September 28, 2012 by kitcac
Stavros brought home a copy of 50 Shades. That is a sentence I never thought I would type.
Its just so…..wrong. And weird.
I made a promise to myself that I would never let my decent-book-reading-eyes be poisoned by that book. Yes lots of people have read it and said its brilliant but seriously, just no.
I am a bit of a book snob. I really do judge a book by its cover.
If its got pink or pastel swirly writing on the front, sorry its not for me.
If its got a cartoon drawing of a woman holding a glass of wine/shopping bag/mobile phone, sorry its not for me.
If its got “something-aholic” or a reference to shopping, fairies or cake in the title, sorry, not for me thanks.
If Tesco have a great big display of a thousand of them at the front door, with grey ties all over it, again, bye bye, I’m not reading that.
I haven’t read Harry Potter. At the time the books came out, 50% of commuters on my train who were reading books would be reading Harry Potter. Can you imagine the horror if, god forbid, a stranger on my train started A CONVERSATION with me because we were both reading the same thing? Oh the horror! I don’t want any excuse for people on trains to think I might be someone to speak to.
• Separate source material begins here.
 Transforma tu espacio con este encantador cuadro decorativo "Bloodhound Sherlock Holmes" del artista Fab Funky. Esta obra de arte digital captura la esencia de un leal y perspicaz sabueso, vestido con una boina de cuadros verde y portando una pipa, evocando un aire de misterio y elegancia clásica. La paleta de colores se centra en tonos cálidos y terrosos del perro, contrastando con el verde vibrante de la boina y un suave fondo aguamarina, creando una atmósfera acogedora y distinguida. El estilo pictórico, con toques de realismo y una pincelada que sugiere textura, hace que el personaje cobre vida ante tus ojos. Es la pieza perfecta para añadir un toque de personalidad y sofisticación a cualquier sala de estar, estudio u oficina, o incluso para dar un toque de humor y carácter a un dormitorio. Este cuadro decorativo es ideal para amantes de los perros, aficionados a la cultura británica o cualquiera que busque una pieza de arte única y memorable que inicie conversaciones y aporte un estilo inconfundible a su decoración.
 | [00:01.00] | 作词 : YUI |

So I stick to things that other people are not really likely to be reading. Ones that aren’t usually in the chart section of Tesco basically.
Recently, someone asked me what book I was reading. The answer was “Kazuo Ishiguro’s last novel. Its about cloning”. Result – end of conversation. Yay!
Back to 50 Shades.
Its more than disturbing when friends of your parents say that they’ve read it. I don’t want to ever think about that.
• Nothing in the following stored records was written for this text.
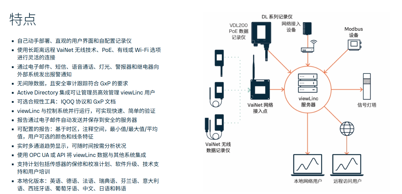 作為維薩拉環(huán)境監(jiān)測系統(tǒng)的軟件組件,viewLinc 提供報警、實時趨勢數(shù)據(jù),和遵守 GxP 法規(guī)的報告。采用維薩拉傳感器,viewLinc 可監(jiān)測溫度、相對濕度、CO2、壓差、門開關(guān)等。 viewLinc 還支持 Modbus 變送器,讓您可以將其他多種參數(shù)納入到 viewLinc 中:微粒計數(shù)器、流量和液體測量和其他傳感器。
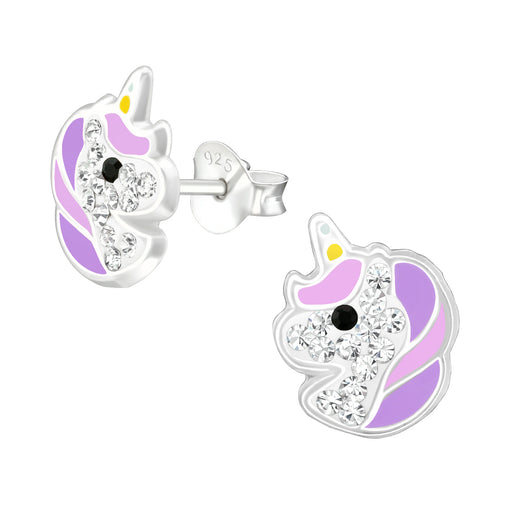 Sterling zilver 925 Eenhoorn oorbellen paars met glitter en kristalletjes. Materiaal: Sterling zilver 925 Afwerking: E-coat Afmeting: 8 mm x 11 mm...
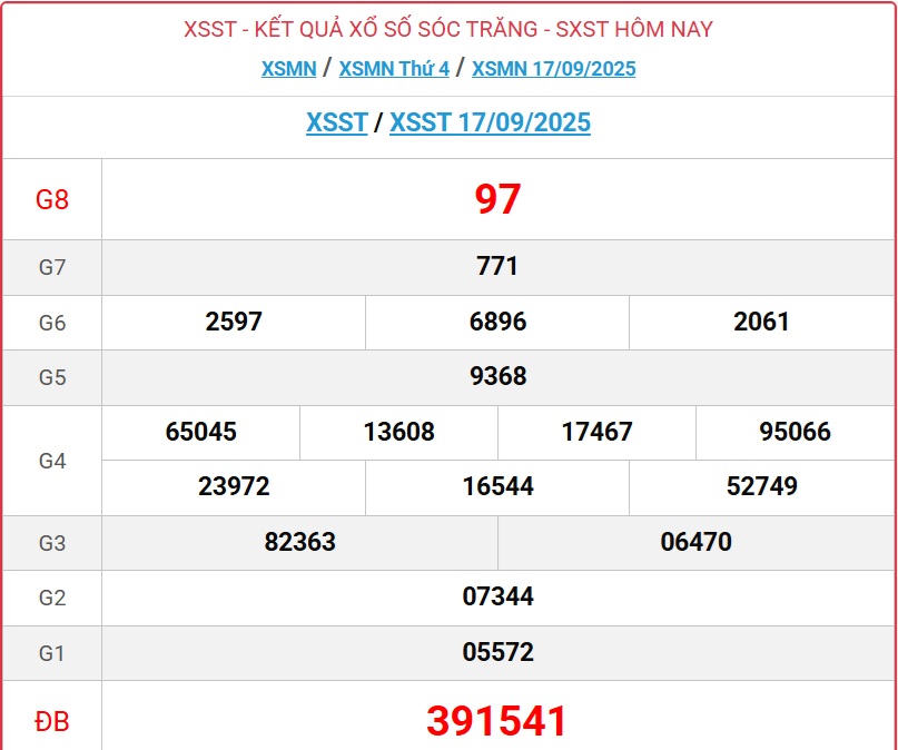 Kết quả xổ số Sóc Trăng Thứ Tư ngày 17/9/2025
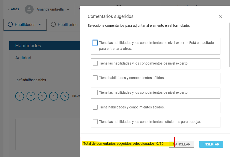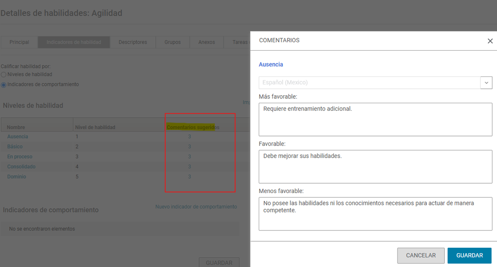 Los comentarios sugeridos solo están disponibles cuando se trabaja con Niveles de Habilidad.

I told Stavros that there was no way on God’s earth that I would read 50 Shades. He had been given it by someone at work (inappropriate much?)
When I said I would never read it he said “OK, I’ll read it then and let you know what its like”
Through the laughter, I managed to say “Right, so you’re going to read some bad porn to review for me are you?”
“Its not that bad is it?”
I replied “Errr, Stavros, its a load of S&M”
“S&M? Really”. He looked a bit confused. He was clearly oblivious to the whole spanky thing in the book.
“Yes Stav, S&M as in Sado-masochism”.
Then he explained what he thought it was about.
Apparently he “thought it was a modern day Lady Chatterley’s Lover. Not gimp masks and barbed wire on willies.”